Colors of the celebration

Festive fireworks and bridge lights reflect in the Arkansas River at Little Rock. (Linda Henderson photo)

by Linda Henderson

You can’t say Fourth of July without thoughts of fireworks. The celebration brings the sights of red, orange, yellow, green and blue fire blasting into the hot and humid Arkansas sky. The sound of exploding colored charges brings “ohhhs” and “ahhhs” from crowds gathered around. But what causes those beautiful colors?

The Science Nerd and college chemistry minor in me wants to know where the colors come from. The simple answer I found was chemistry. The colors in fireworks are created by adding metal salts to black powder. Fireworks are basically small rockets designed to explode in a very controlled way. The explosion renders bursts of brightly colored light or pellets called stars.  

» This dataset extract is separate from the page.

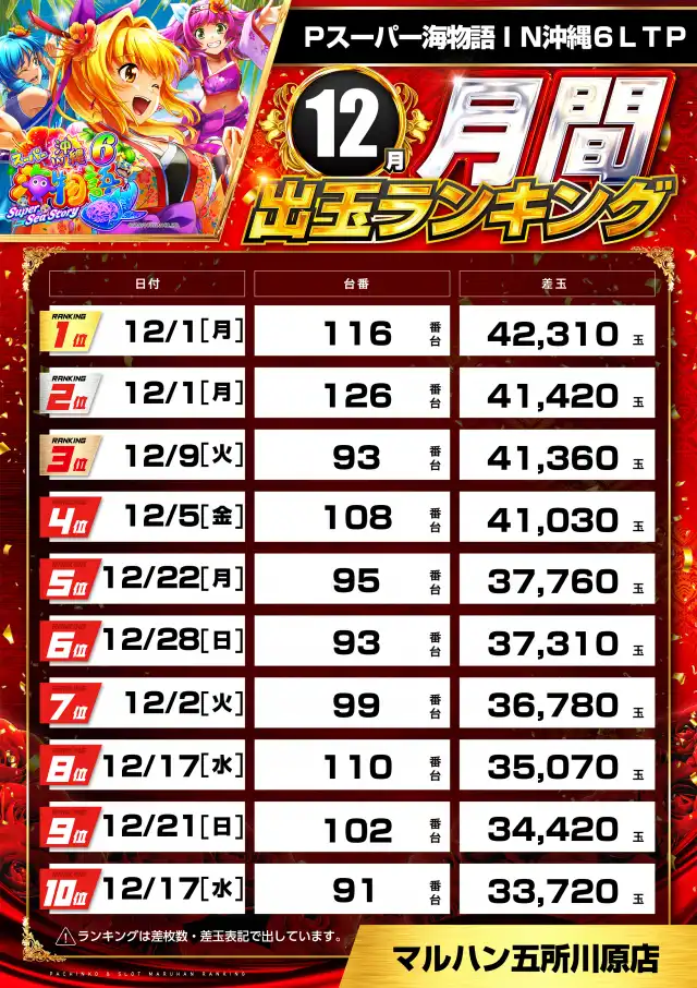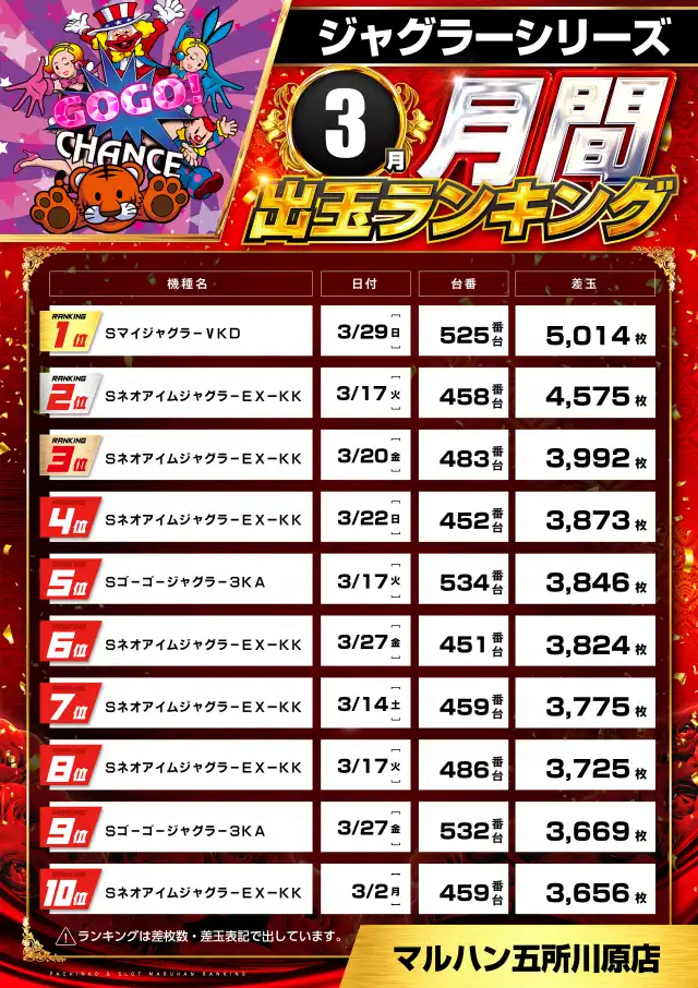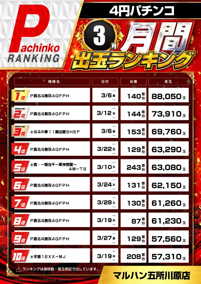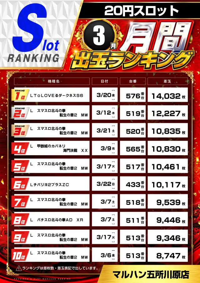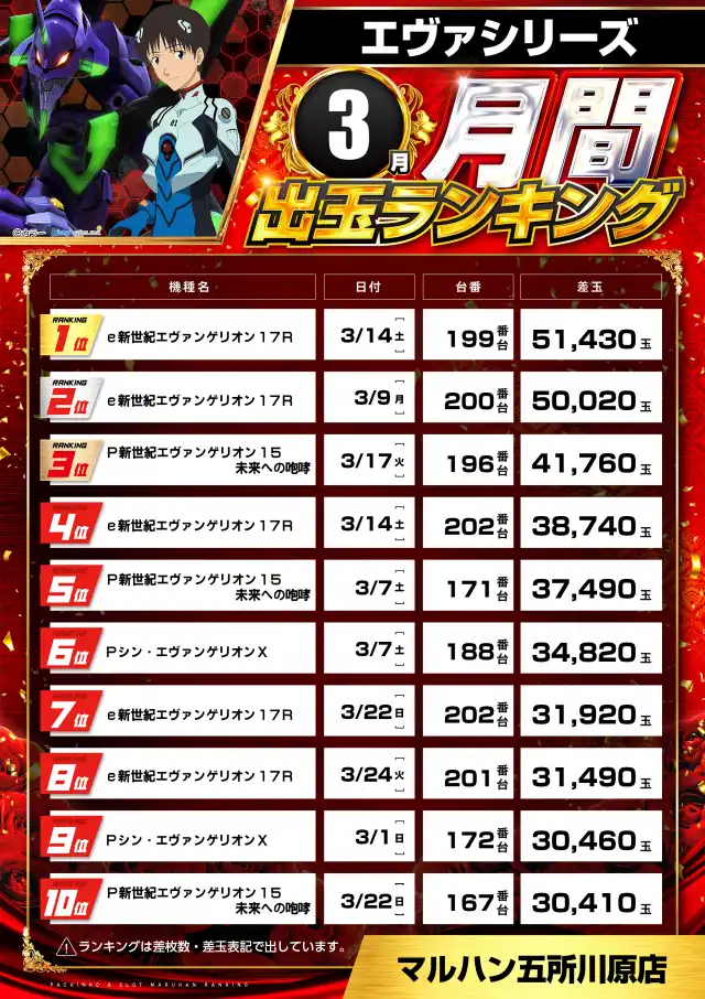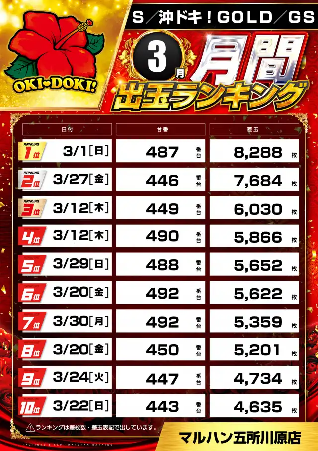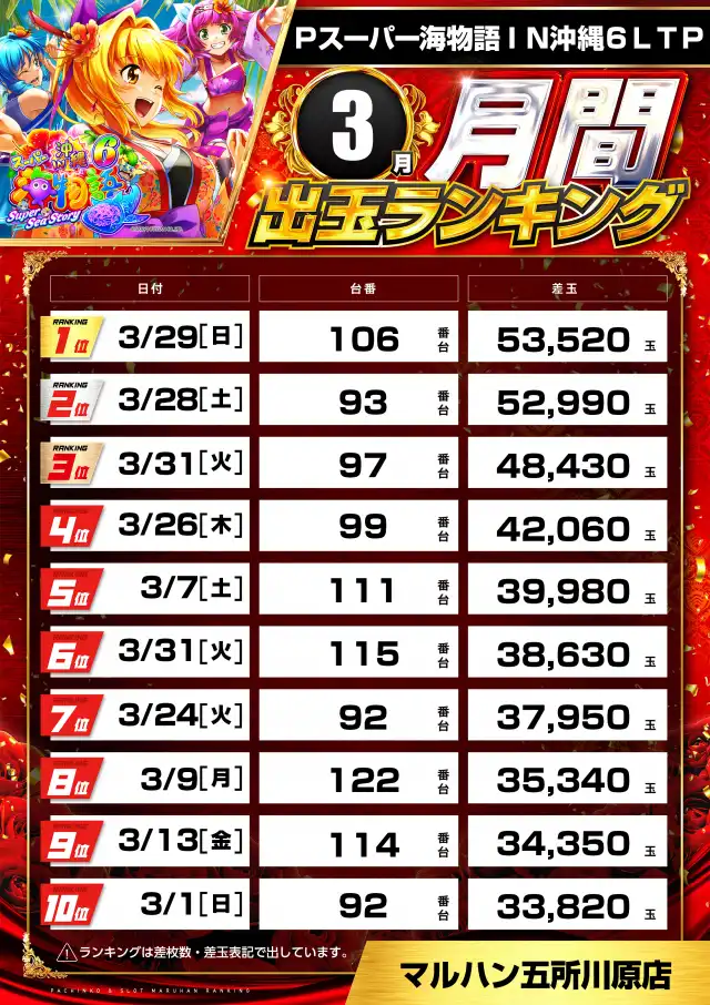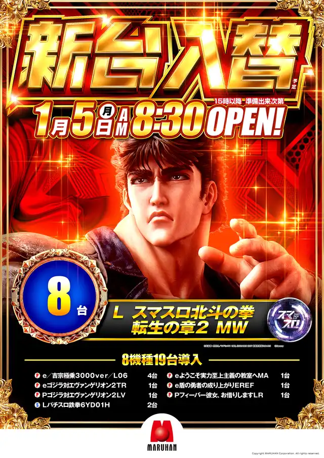 本日3/6(月)新台入替予定 新台:9機種22台導入予定

Metal salts commonly used in firework displays include: strontium carbonate for red fireworks, calcium chloride for orange fireworks, sodium nitrate for yellow, barium chloride for green, and copper chloride for blue fireworks. After a firework is ignited, there is an explosion of black powder in a confined space that causes a fast increase in heat and gas that lifts the firework into the sky. A time-delayed fuse slowly burns into the firework shell and after about 5 seconds, the core is kindled and the metal salts are released in a beautiful fiery display.  

Fireworks have been around for a very long time. They were likely invented in China during the 6th century. During the 13th century, Europeans started to use them as a way to celebrate national events.  They became popular in the United States during the 18th century as a way of celebrating Independence Day. The first use of fireworks to celebrate Independence Day was recorded in the Pennsylvania Evening Post in 1777. “The evening was closed with the ringing of bells, and with a grand exhibition of fireworks.”  

So, on this July 4th, let the tradition of lighting the sky with patriotic colors and the sound of exploding rockets, firecrackers, sparklers and spinning pinwheels continue. I will now, not only appreciate the bright colors and festivities, but also the science of fireworks.